Introduce Yourself To The PianoGroove Community! 🌎

Hi Andrew,

Welcome to the PianoGroove community!

With your experience of classical, jazz, and latin studies, I’m sure you will be able to dive straight into any of the material on the site.

We have put together a series of practice plans which help students to learn the foundational jazz theory in all 12 keys. I think it would be worthwhile to check out these posts:

You will likely be familiar with most of the material, but it may also highlight some gaps which you overlooked.

The more tunes we play, the more harmony we are exposed to, and so my recommendation is simply to study the tunes that interest you.

Also check out this video where I highlight the importance of regular listening and transcribing. That thread also contains links to listening/transcription exercises which are published weekly for our students to participate in.

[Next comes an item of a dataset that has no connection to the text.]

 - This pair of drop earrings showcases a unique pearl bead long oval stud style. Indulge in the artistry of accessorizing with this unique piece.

The goal of these exercises is to improve our listening skills, empowering us to become self-sufficient learners so that we can listen to our favourite recordings, albums , and musicians to pick out material directly from recordings.

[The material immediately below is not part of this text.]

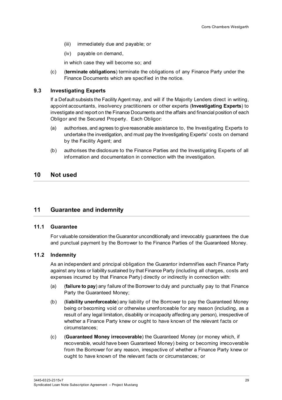 Corrs Chambers Westgarth 3445-6323-2315v7 29 Syndicated Loan Note Subscription Agreement – Project Mustang (iii) immediately due and payable; or (iv) payable on demand, in which case they will become so; and (c) (terminate obligations) terminate the obligations of any Finance Party under the Finance Documents which are specif ied in the notice. 9.3 Investigating Experts If a Default subsists the Facility Agent may, and will if the Majority Lenders direct in writing, appoint accountants, insolvency practitioners or other experts (Investigating Experts) to investigate and report on the Finance Documents and the affairs and financial position of each Obligor and the Secured Property. Each Obligor: (a) authorises, and agrees to give reasonable assistance to, the Investigating Experts to undertake the investigation, and must pay the Investigating Experts' costs on demand by the Facility Agent; and (b) authorises the disclosure to the Finance Parties and the Investigating Experts of all information and documentation in connection with the investigation. 10 Not used 11 Guarantee and indemnity 11.1 Guarantee For valuable consideration the Guarantor unconditionally and irrevocably guarantees the due and punctual payment by the Borrower to the Finance Parties of the Guaranteed Money. 11.2 Indemnity As an independent and principal obligation the Guarantor indemnif ies each Finance Party against any loss or liability sustained by that Finance Party (including all charges, costs and expenses incurred by that Finance Party) directly or indirectly in connection with: (a) (failure to pay) any failure of the Borrower to duly and punctually pay to that Finance Party the Guaranteed Money; (b) (liability unenforceable) any liability of the Borrower to pay the Guaranteed Money being or becoming void or otherwise unenforceable for any reason (including, as a result of any legal limitation, disability or incapacity affecting any person), irrespective of whether a Finance Party knew or ought to have known of the relevant facts or circumstances; (c) (Guaranteed Money irrecoverable) the Guaranteed Money (or money which, if recoverable, would have been Guaranteed Money) being or becoming irrecoverable f rom the Borrower for any reason, irrespective of whether a Finance Party knew or ought to have known of the relevant facts or circumstances; or

That way, we are taking ‘our sound’ in the direction that we want to take it - based on the sounds that we like - which is a very liberating point to get to as a musician.

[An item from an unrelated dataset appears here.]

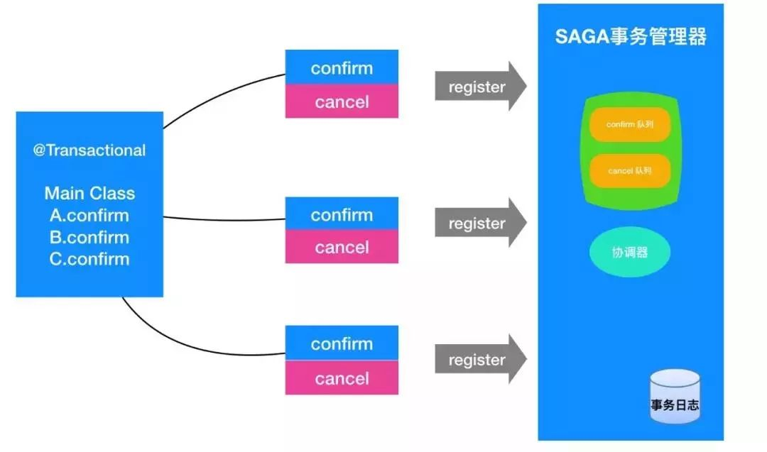 Saga模型把一个分布式事务拆分为多个本地事务,每个本地事务都有相应的执行模块和补偿模块( TCC中的Confirm和Cancel)。当Saga事务中任意一个本地事务出错时,可以通过调用相关的补偿方法恢复之前的事务,达到事务最终的一致性。

I think you will enjoy Jovino’s Brazilian section of the website .

There is a beginner-focused Bossa Nova course taught by myself in there, but Jovino’s insights and experience are unparalleled in this field of improvised music, and so in terms of rhythm and groove, I think that his courses will give you the information you are looking for.

Finally, it is worth noting that many of the concepts covered in Jovino’s Bossa Nova courses incorporate theory covered in the jazz courses such as:

Our Rootless Voicings Course:

Our Altered Harmony Course:

Our Chord Substitution Course:

And so I would also recommend looking through those courses to familiarise yourself with the theory and the terminology.

There is a new Brazilian course to be published shortly on “Triad Approach To Improvisation” which was taught to Jovino by his mentor Hermeto Pascoal. I will be announcing this in the forum area shortly so keep your eyes out for that.

I hope this helps to give you some direction, and if you have any specific questions please don’t hesitate to let us know.


Welcome Andrew, One thing about PianoGroove is that you can still be you and keep your learning style and preferences and still gain ground and grow, In the Latin Brazilian section you will have plenty to stretch your brain on. Have fun.
Nothing wrong with learning a tune… that’s what your family and friends enjoy when they listen to you play.

Wellcome Diana and Andrew :smiley: !

Welcome Andrew. This is a great place to be!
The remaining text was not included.